10 retrospective cohort studies and 16 case series/reports were identified including 183 patients with COVID-19 and stroke. The frequency of detected stroke in hospitalized COVID-19 patients was 1.1% ([95% confidential interval (CI)]: [0.6-1.6], I = 62.9%). Mean age was 66.6 ([58.4-74.9], I = 95.1%), 65.6% was male (61/93 patients). Mean days from symptom onset of COVID-19 to stroke was 8.0 ([4.1-11.9], p< 0.001, I = 93.1%). D-dimer was 3.3 μg/mL ([1.7-4.9], I = 86.3%), and cryptogenic stroke was most common as etiology at 50.7% ([31.0-70.4] I = 64.1%, 39/71patients). Case fatality rate was 44.2% ([27.9-60.5], I = 66.7%, 40/100 patients).

CONCLUSIONS

This systematic review assessed the frequency and clinical characteristics of stroke in COVID-19 patients. The frequency of detected stroke in hospitalized COVID-19 patients was 1.1% and associated with older age and stroke risk factors. Frequent cryptogenic stroke and elevated d-dimer level support increased risk of thromboembolism in COVID-19 associated with high mortality. Further study is needed to elucidate the pathophysiology and prognosis of stroke in COVID-19 to achieve most effective care for this population.

摘要

背景

2019冠状病毒病(COVID-19)可能会增加血栓栓塞和中风的风险。众多病例报告和回顾性队列研究已经发表,其中关于中风的COVID-19患者在年龄、合并症、治疗和预后方面具有不同特征。我们旨在描述COVID-19合并中风患者的发生率和临床特征。

方法

于2020年6月10日检索了PubMed和EMBASE,根据PRISMA指南通过回顾性横断面研究、病例系列/报告来调查COVID-19与中风。
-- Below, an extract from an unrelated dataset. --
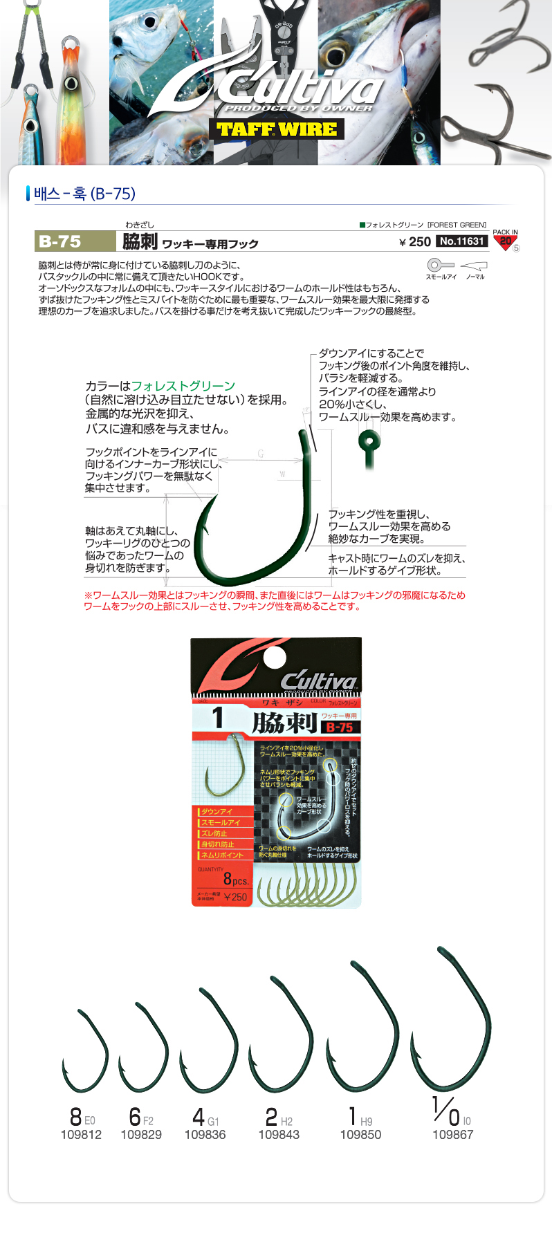 [컬티바] 배스-훅(B-75) 와키자시 루어바늘 언더리그

使用随机效应模型中的单组荟萃分析对特定研究的估计值进行合并。

结果

确定了10项回顾性队列研究和16项病例系列/报告,包括183例COVID-19合并中风患者。住院COVID-19患者中检测到中风的发生率为1.1%([95%置信区间(CI)]:[0.6 - 1.6],I² = 62.9%)。平均年龄为66.6岁([58.4 - 74.9],I² = 95.1%),男性占65.6%(61/93例患者)。从COVID-19症状出现到中风的平均天数为8.0天([4.1 - 11.9],p < 0.001,I² = 93.1%)。D-二聚体为3.3μg/mL([1.7 - 4.9],I² = 86.3%),隐源性中风作为病因最为常见,占50.7%([31.0 - 70.4],I² = 64.1%,39/71例患者)。病死率为44.2%([27.9 - 60.5],I² = 66.7%,40/100例患者)。

结论

本系统评价评估了COVID-19患者中风的发生率和临床特征。住院COVID-19患者中检测到中风的发生率为1.1%,且与老年和中风危险因素相关。频繁发生的隐源性中风和升高的D-二聚体水平支持COVID-19中血栓栓塞风险增加且死亡率高。需要进一步研究以阐明COVID-19中中风的病理生理学和预后,从而为该人群提供最有效的治疗。